Suatu malam yang dingin, di sebuah warung kopi tua di pinggir terminal yang ramai dengan hiruk pikuk bus dan pejalan kaki, aku duduk seorang diri, menyesap kopi pahit yang terasa senada dengan hatiku. Seorang bapak tua penjual koran dengan wajah keriput namun mata yang teduh menghampiriku.
"Kenapa kamu keliatan kosong seperti gelas yang belum terisi, Nak?" tanya si bapak sambil menyeduh kopi hitam pekat di cangkir yang usang.
"Aku sedang mencari jati diriku, Pak. siapa aku, Dan apa tujuan hidupku." jawabku pelan, suaraku hampir tenggelam dalam kebisingan terminal.
Bapak itu tertawa kecil, sebuah tawa renyah yang menenangkan. "Nak, kita ini bukan buku yang hilang bab-nya. Kita ini seperti kopi. Baru terasa nikmatnya setelah diseduh dengan air panas. Kadang pahit seperti kenangan yang menyakitkan, kadang hangat seperti pelukan keluarga. Tapi semua rasa itu, pahit maupun manis, adalah bagian utuh dari diri kita."
Malam itu, kata-kata sederhana itu meresap ke dalam hatiku lebih dalam dari nasihat-nasihat bijak yang pernah ku dengar. Analogi tentang kopi itu membuka sudut pandang baru bagiku. Mungkin, mencari jati diri bukanlah tentang menemukan sesuatu yang hilang, tapi tentang menerima diri kita apa adanya..
Beberapa bulan kemudian, setelah merasakan asam garam kehidupan jalanan dan merenungkan setiap pertemuan dan pengalaman, aku memutuskan untuk kembali. Bukan karena aku menyerah atau gagal menemukan jawaban yang ku cari, melainkan karena dalam perjalananku, aku telah menemukan sesuatu yang jauh lebih berharga: pemahaman tentang proses pencarian itu sendiri. Aku kembali bukan sebagai sosok yang sempurna tanpa luka, tapi sebagai seorang pemuda yang berani mengakui kerapuhan diriku dan belajar dari setiap langkah yang telah ku ambil.
Di depan pintu rumahku, ibuku berdiri dengan mata sembab namun penuh kelegaan. Tangis haru pecah saat kami berpelukan erat, rindu yang selama ini tertahan akhirnya menemukan jalannya.
"Apa kamu sudah menemukan jawaban yang kamu cari, Nak?" tanya ibuku dengan suara bergetar.

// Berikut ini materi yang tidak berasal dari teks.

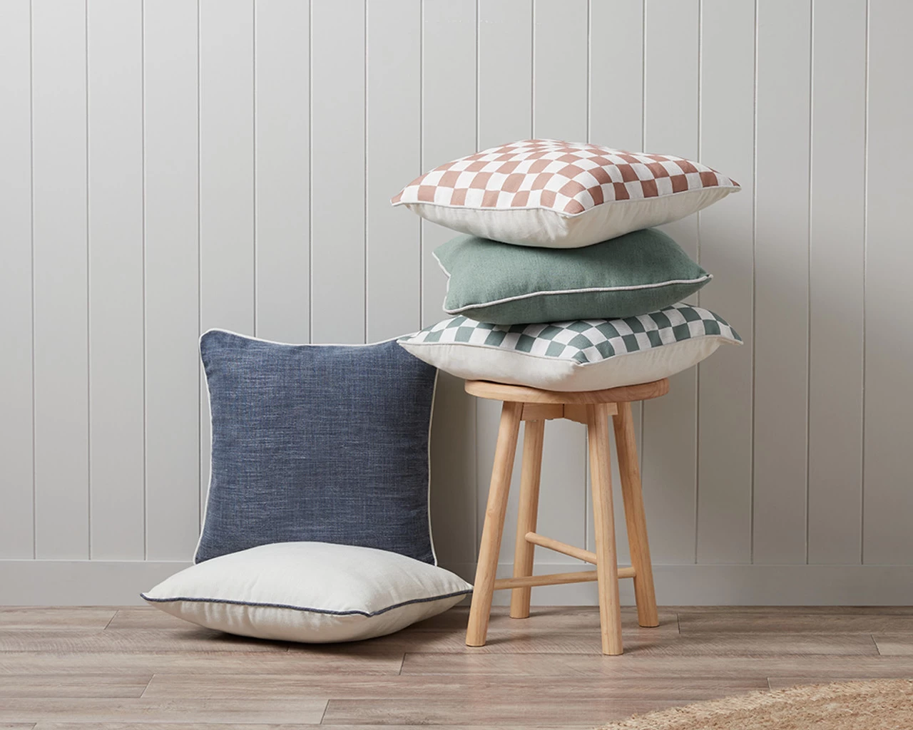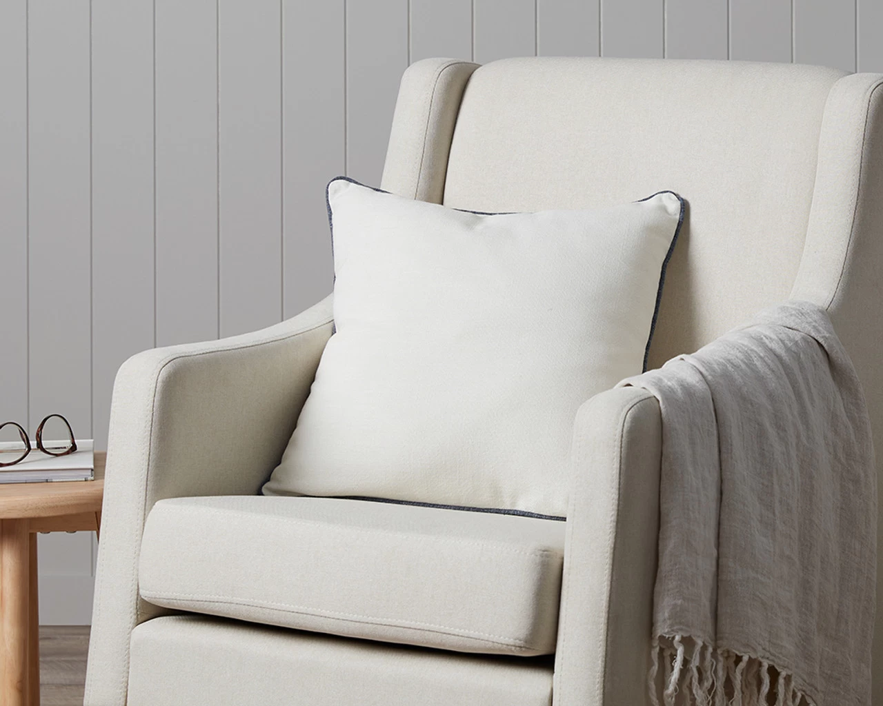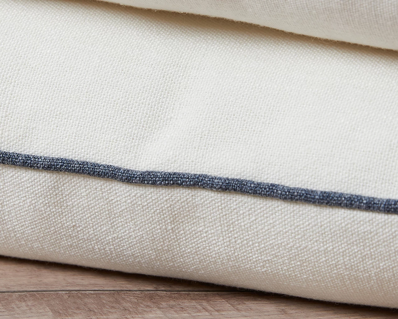 Add elegant, relaxed style to your sofa, armchair or bed with the Mocka Piped Cushion – White/Navy. Its natural white tone complements your space and features a navy piped trim for a classic, statement look. It’s a great way to achieve a simple Hampton’s style to your home. Made from a linen blend for on-trend style and a soft feel. It comes with a plush insert for cushy, sink in comfort. And the cover is removable, and colour fast tested, so it’s easy to keep it looking fresh.

Aku tersenyum, memandangi langit pagi yang kini terasa lebih cerah dan hangat dari yang ku ingat. "Aku belum sepenuhnya tahu jawaban atas semua pertanyaanku, Bu. Tapi sekarang, aku lebih mengerti siapa diriku yang sebenarnya... dan aku ingin melangkah maju, bukan lagi karena ketakutan akan ekspektasi orang lain, tapi karena keinginan yang tulus untuk terus tumbuh dan menjadi pribadi yang lebih baik".